Life cycle assessments

Natural gas certification initiatives, alongside growing markets for the trading of RSG-related environmental commodities, are critical components of the industry’s endeavours to make natural gas more sustainable in a secure energy future. And part of that process is providing transparency to the low emission credentials of natural gas – transparency that is even more crucial with moves by EU lawmakers to impose methane emission intensity limits on natural gas imported by its members.

US LNG developer Cheniere Energy is working with natural gas midstream companies, methane detection technology providers and leading academic institutions to implement quantification, monitoring, reporting and verification (QMRV) of greenhouse gas (GHG) emissions across its midstream supply chain.
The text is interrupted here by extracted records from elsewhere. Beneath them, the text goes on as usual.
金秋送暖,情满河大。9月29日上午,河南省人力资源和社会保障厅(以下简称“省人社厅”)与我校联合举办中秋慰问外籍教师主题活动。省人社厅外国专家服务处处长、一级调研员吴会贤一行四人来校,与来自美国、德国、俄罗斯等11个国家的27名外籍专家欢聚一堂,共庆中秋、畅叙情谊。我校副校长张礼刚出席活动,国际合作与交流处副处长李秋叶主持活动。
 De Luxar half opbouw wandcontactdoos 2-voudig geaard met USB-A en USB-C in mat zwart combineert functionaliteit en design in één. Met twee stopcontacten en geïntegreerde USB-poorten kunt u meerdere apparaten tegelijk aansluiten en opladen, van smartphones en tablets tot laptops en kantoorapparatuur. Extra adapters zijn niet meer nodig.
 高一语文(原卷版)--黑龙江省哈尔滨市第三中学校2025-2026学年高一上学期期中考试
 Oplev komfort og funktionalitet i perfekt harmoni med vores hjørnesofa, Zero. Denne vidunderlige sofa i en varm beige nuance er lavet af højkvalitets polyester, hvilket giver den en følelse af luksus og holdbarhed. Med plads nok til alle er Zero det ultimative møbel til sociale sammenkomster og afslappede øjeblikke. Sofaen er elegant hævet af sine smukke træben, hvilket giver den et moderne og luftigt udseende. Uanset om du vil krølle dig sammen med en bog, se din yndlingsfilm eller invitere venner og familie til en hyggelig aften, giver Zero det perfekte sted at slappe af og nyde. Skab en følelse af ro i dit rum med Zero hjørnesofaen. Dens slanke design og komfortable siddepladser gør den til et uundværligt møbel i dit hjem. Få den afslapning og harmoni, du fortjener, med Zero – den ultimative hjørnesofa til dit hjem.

The programme, at gas gathering, processing, transmission and storage systems along Cheniere’s supply chain, is intended to improve the overall understanding of GHG emissions and advance the deployment of advanced monitoring technologies and protocols. 
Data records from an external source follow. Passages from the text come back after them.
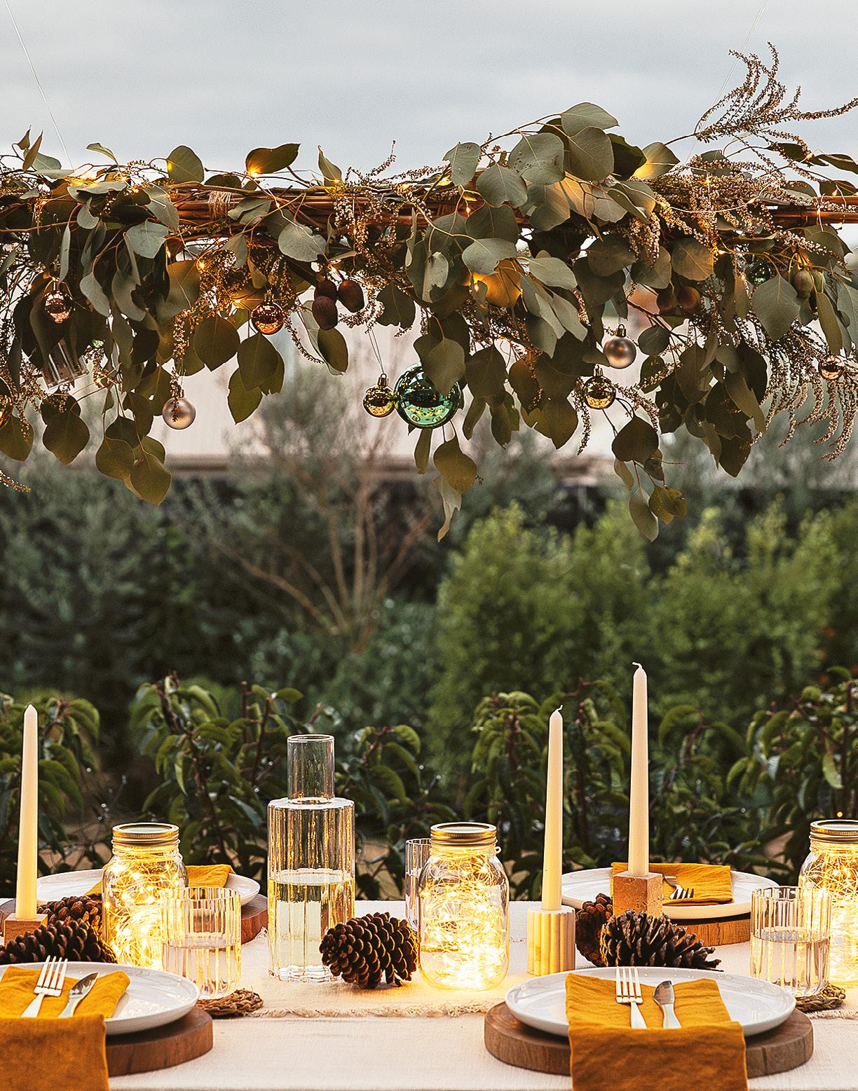 Weave foliage, baubles and lights into a crowdpleasing chandelier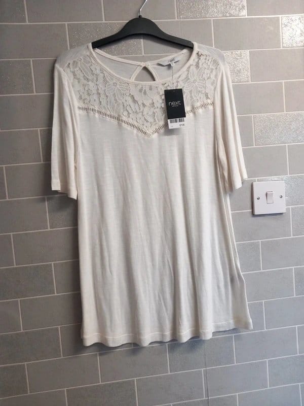 The New Look Cream Lace Detail T-Shirt Style Top UK 10 is available in sizes S.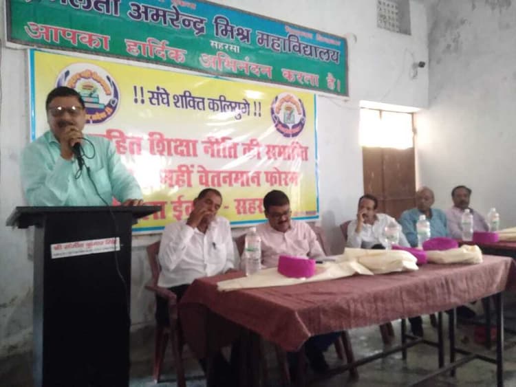 अनुदान नहीं वेतनमान दो फोरम के बैनर तले अनुदानित शिक्षण संस्थानों के शिक्षकों ने की बैठक सहरसा. वित्त अनुदानित शिक्षण संस्थानों के शिक्षकों की बैठक अनुदान नहीं वेतनमान दो फोरम के बैनर तले बुधवार को आयोजित की गयी. प्रेमलता अमfरेंद्र मिश्र महाविद्यालय के प्राचार्य उमेश प्रसाद सिंह की अध्यक्षता में आयोजित बैठक को संबोधित करते फोरम प्रदेश संयोजक रौशन कुमार सिंह ने कहा कि हम लोग सरकार व प्रतिनिधियों से ठगाते आ रहे हैं. वे राजनीति करते हैं, लेकिन आप तो बच्चों को राजनीति पढ़ाते हैं. अब हमारी रणनीति तय है. पटना पहुंचकर ऐसा माहौल बनायें कि सरकार सोचने पर मजबूर हो जाये. अनुदान की नीति उलझाने की राजनीति है. हमारे शिक्षक नेता कहते हैं नीतीश जी को सोचने का समय नहीं है. लेकिन कैबिनेट का निर्णय हो रहा है व अन्य विभागों को राशि दी जा रही है. लेकिन हमें भरमाया जाता है. हाजीपुर से आए प्रो रंजीत कुमार ने कहा कि हमारे साथ भेदभाव हो रहा है. सरकार हमारी उपेक्षा कर रही है. अभी भी हम 60 हजार कार्यरत कर्मी हैं व 40 हजार शिक्षक अवकाश प्राप्त हैं. जिनका अनुदान बकाया है. इनके परिवार व संबंधियों का वोट काफी मायने रखेगा. प्रेम शंकर ने कहा कि हम अपने अभिभावकों को सुविधा नहीं दे सके. परिवार व बच्चे भी आर्थिक तंगी से प्रभावित हो गये. सरकार की इस नीति ने तीन पीढ़ियों को बर्बाद किया. प्रो विजय शंकर प्रसाद ने कहा कि अनुदान नीति की कभी समीक्षा नहीं की गयी. नियोजित शिक्षक अधिकांश हमारे संस्थाओं के पढ़ाए हुए हैं. हमें खुशी है कि उन्हें अच्छा वेतनमान मिल रहा है. लेकिन सरकार हमें भी वही सम्मान दे. प्रो अजय कुमार वर्मा के संचालन में चले कार्यक्रम को मो जियाउद्दीन, प्रो दिलीप कुमार ठाकुर, डॉ अरविंद कुमार झा, डॉ दीपक कुमार सिंह, सुशील कुमार यादव, भूपेंद्र प्रसाद यादव, शंभू कुमार, गणेश कुमार, अशोक कुमार राय, भुवनेश्वर प्रसाद सिंह, मो समीउल्लाह, राकेश कुमार सिंह, अश्विनी कुमार झा, सत्यनारायण कुमार, अजय कुमार, रंजीत कुमार झा सहित अन्य ने संबोधित किया. धन्यवाद ज्ञापन प्रो मंत्रेश्वर झा ने करते संगठन को मजबूत करने व पटना के आंदोलन को सफल बनाने की बात कही.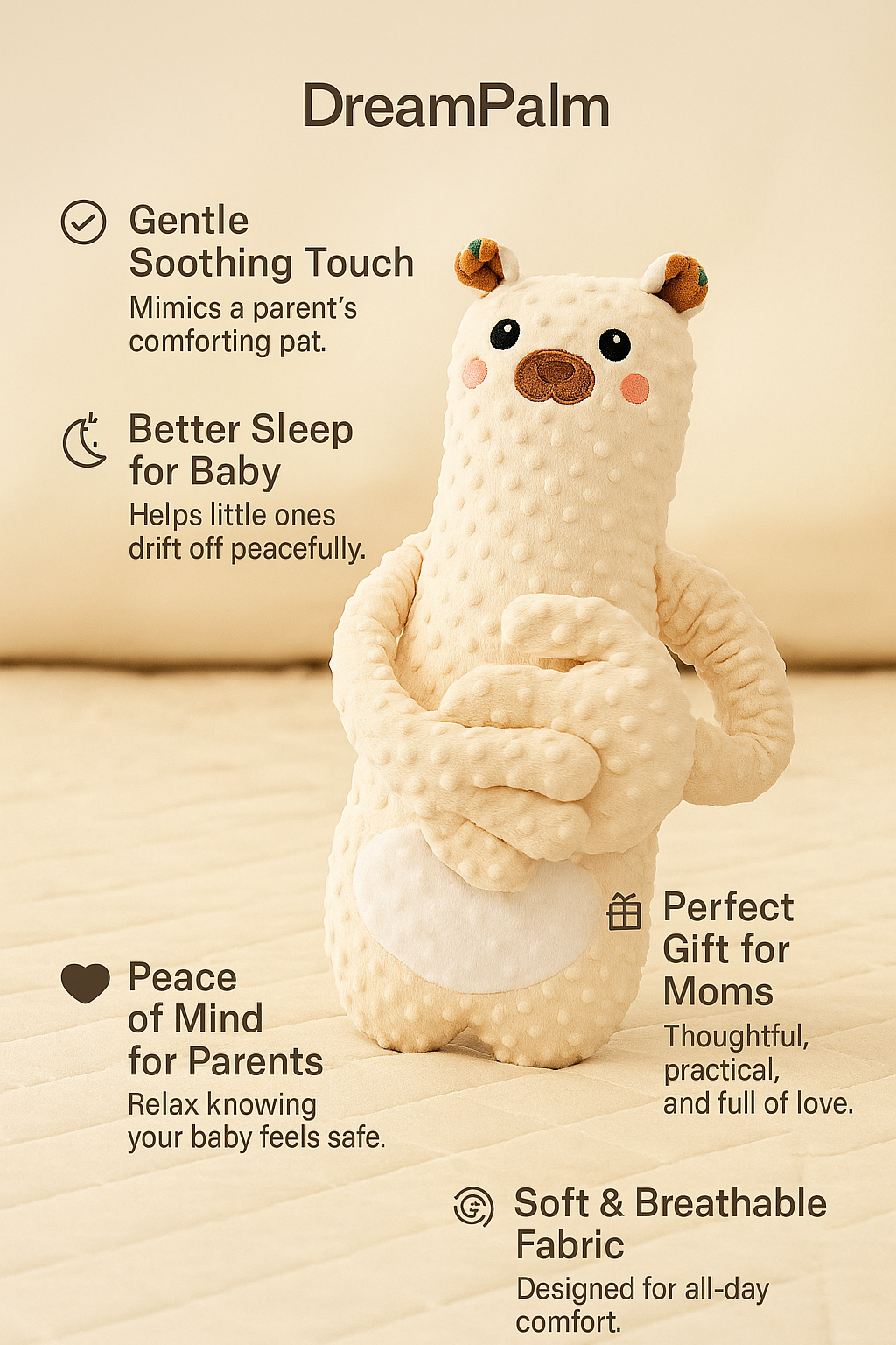 That’s where DREAM PALM™ comes in — the soothing hand every baby (and mom) deserves. Specially designed for newborns to 3-year-olds, DREAM PALM™ gently pats your baby with a soft, rhythmic motion that mimics a mother’s loving touch. Its plush, breathable fabric wraps your baby in cloud-like comfort, while the adorable animal design makes it their cuddly best friend.

And US engineering group McDermott has launched a web-based tool that helps energy firms better assess the carbon footprint of planned facilities before construction begins.

The tool, known as ArborXD, can be applied throughout an energy project’s life cycle, including at the concept, front-end engineering design and engineering, procurement, construction and installation phases. It provides McDermott’s customers with access to lifecycle footprint estimates, cost trade-off analyses, emission reduction pathways and environmental impact assessments.

Low emission LNG

As certification initiatives reach down the gas value chain, the next target will be certifying LNG production, transportation and regasification as sustainable.

Cheniere Energy has been a first-mover in this space, introducing cargo emission tags last year and joining the Oil and Gas Methane Partnership 2.0 (OGMP 2.0), the United Nations Environment Programme’s flagship methane emissions reporting and mitigating initiative.

OGMP 2.0 is a comprehensive, measurement-based reporting framework intended to improve the accuracy and transparency of methane emissions reporting.

Cheniere’s participation in OGMP 2.0 is another of the LNG producer’s climate strategy initiatives, alongside collaborative programmes to quantify, monitor, report and verify (QMRV) greenhouse gas (GHG) emissions across its supply chain. QMRV has been initiated at Cheniere’s Sabine Pass and Corpus Christi liquefaction terminals on the US Gulf Coast, and at natural gas transmission facilities it uses, consistent with the OGMP 2.0 reporting framework.

Cheniere has implemented an emissions monitoring programme at its Sabine Pass facility. [Image credit: Bechtel]

Meanwhile, Chevron delivered its first shipment of offset-paired LNG in late 2022. Emissions from the cargo, produced at the Gorgon project off the northwest coast of Western Australia, were fully offset through the retirement of high-quality, nature-based and energy efficiency offsets in Cambodia, Indonesia and Nepal.

And earlier this year, Singapore’s Pavilion Energy received its first LNG cargo accompanied by a statement of greenhouse gas emissions (SGE) from QatarEnergy at the Singapore LNG terminal. The SGE is a verified statement that quantifies the greenhouse gas emissions associated with producing and delivering the LNG cargo from the wellhead to the discharge terminal.